Foucault çalışmalarında cevaplarını aradığı soruları bir röportajında şöyle sıralamaktadır. Bu sorular önemlidir; zira biyopolitika bu soruların cevaplarıyla birlikte açıklık kazanacaktır:
Biyopolitikayı anla(t)mak amacıyla, en önce modern siyasetin kurumsal çerçevesini kuran ulus-devleti, onu kilise ve imparatorluktan ayıran özgünlüğünü Foucault’un perspektifinden kısaca not edebiliriz. Ulus-Devlet sadece kendisi için ve kendisi üzerinden var olan bir yapıdır. Yani, imparatorluk gibi, Tanrı’nın yeryüzündeki birleştirici görüntüsü olma iddiasını terk etmiştir. İmparatorluk ve kilise gibi genişleyen bir egemenlik alanıyla değil, çoğul devletler olarak yeryüzünü kaplamaktadır. Son olarak ulus-devlet içerisinde, birbirleriyle birlikte yaşama yolları arayan bireyleri barındırır.

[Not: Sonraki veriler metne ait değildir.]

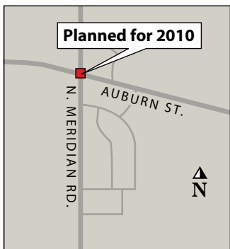
Auburn Street/ Meridian Road intersection

The Perryville/Swanson roundabout has been in use for more than a year, and motorists can expect to see more. Winnebago County Highway Department officials plan a roundabout next year for Auburn Street at Meridian Road; three others have no set construction date. Meanwhile, Rockford officials say the Auburn/North Main roundabout should be built in 2011.

Ulus devlet, bireyin diğerleriyle birlikte yaşama iradesini, onun yöneten, denetleyen ve siyasi pratiklerini düzenleyen modern siyasi düzenin meşruiyet temeli olarak kullanır. (Modern) iktidar, birlikte yaşama iradesinin gerektirdiği siyasi düzeni kuran ve sürdüren stratejiler ve politikalardan ayrı düşünülemez. Kendinden öncekilerden farklı olarak modern iktidar, siyasi düzeni mümkün kılan iradenin sahiplerine yani bireylere odaklanmıştır. Dolayısıyla da yaşamın hem toplumsal hem de biyolojik formlarına eskisinden farklı ve daha kapsamlı müdahale etmek durumundadır.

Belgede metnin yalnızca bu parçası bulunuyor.